DATASET SECTION
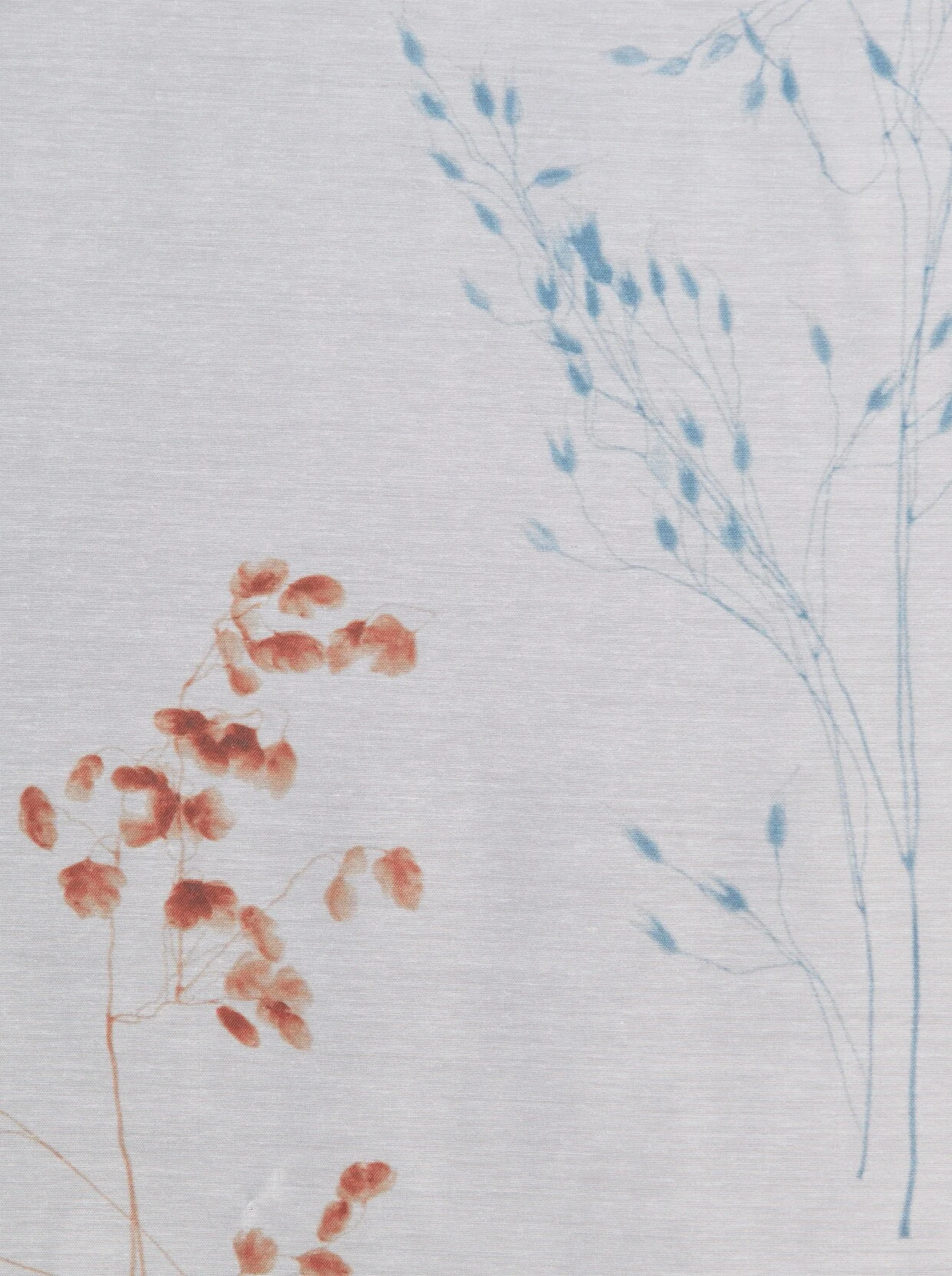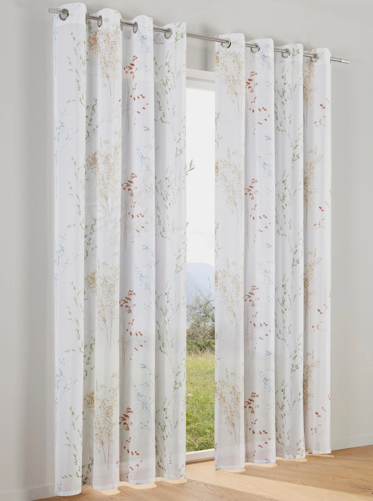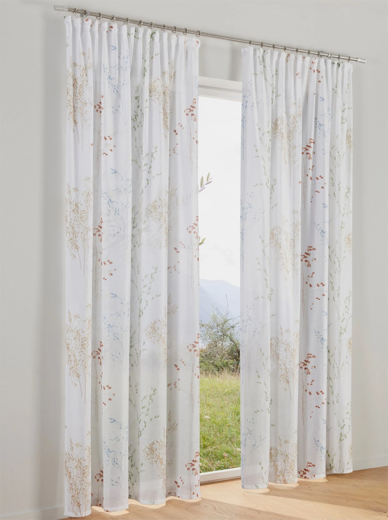 Dekostore Bedruckt. Gewebte Ware. Weich fließende Qualität. Halbtransparent.
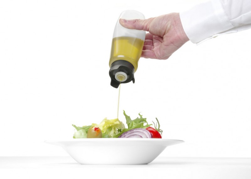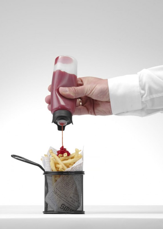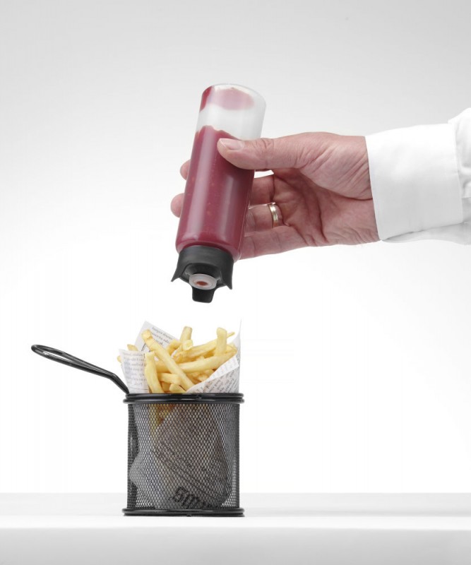 Ontworpen door Robert Bronwasser. Transparante fles met speciaal ontworpen doseerdop. De fles kan ondersteboven worden geplaatst waardoor hij altijd klaar is voor gebruik. Het speciale ontwerp voorkomt lekken bij plaatsing ondersteboven.
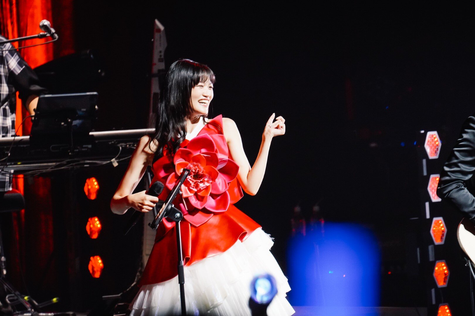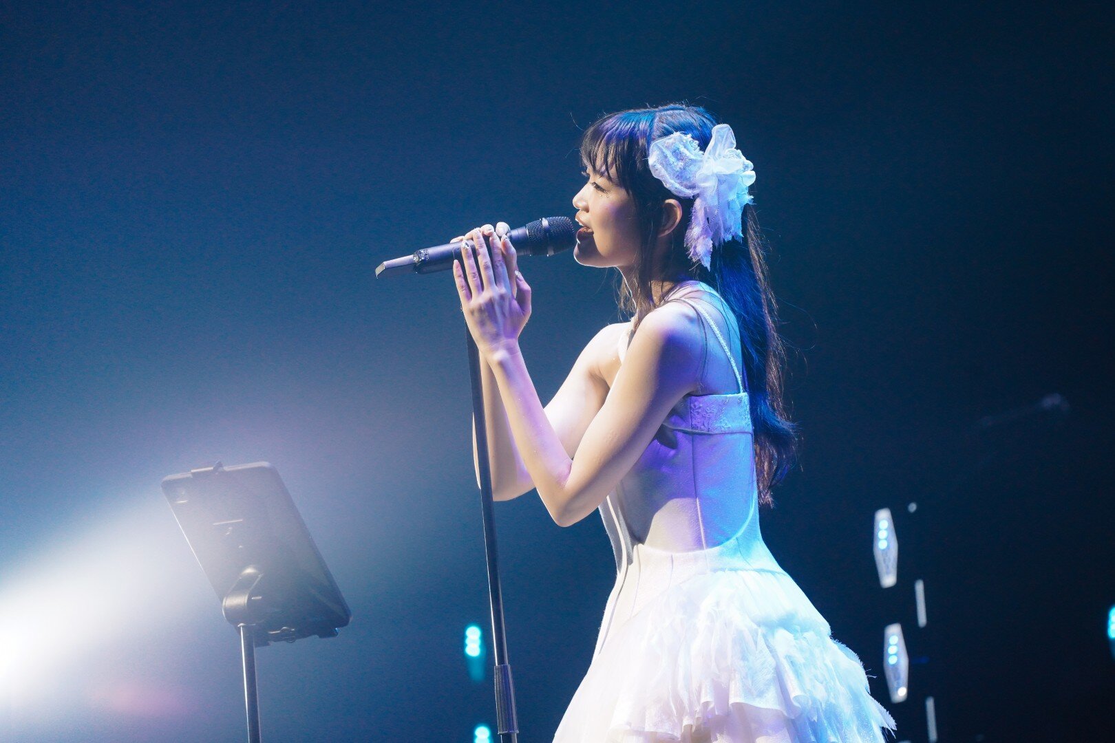 「未来に読むときに、昔の自分を思い出しながら背中を押して欲しいなっていう気持ちで作りました」という言葉の後、ライブ用曲「Memory」で不安や傷や葛藤を抱えて“ここで生きていく”という未来への決意を吐露。「琥珀糖」はピアノ伴奏のみで情感を込めて届けると、三日月と星空をバックに歌った「glimmer」でスクリーンに流れ星が流れ、「Tear of Will」では一転して壮大なスケール感を表現。またもや一気に雰囲気を変えたジャズナンバー「ESCORT」では心地の良いグルーヴで観客の体を揺らした。

TASK ITEM
Give back the entire listing verbatim, without the pictures.

WRITTEN REPLY
 Dekostore Bedruckt. Gewebte Ware. Weich fließende Qualität. Halbtransparent.
 Ontworpen door Robert Bronwasser. Transparante fles met speciaal ontworpen doseerdop. De fles kan ondersteboven worden geplaatst waardoor hij altijd klaar is voor gebruik. Het speciale ontwerp voorkomt lekken bij plaatsing ondersteboven.
 「未来に読むときに、昔の自分を思い出しながら背中を押して欲しいなっていう気持ちで作りました」という言葉の後、ライブ用曲「Memory」で不安や傷や葛藤を抱えて“ここで生きていく”という未来への決意を吐露。「琥珀糖」はピアノ伴奏のみで情感を込めて届けると、三日月と星空をバックに歌った「glimmer」でスクリーンに流れ星が流れ、「Tear of Will」では一転して壮大なスケール感を表現。またもや一気に雰囲気を変えたジャズナンバー「ESCORT」では心地の良いグルーヴで観客の体を揺らした。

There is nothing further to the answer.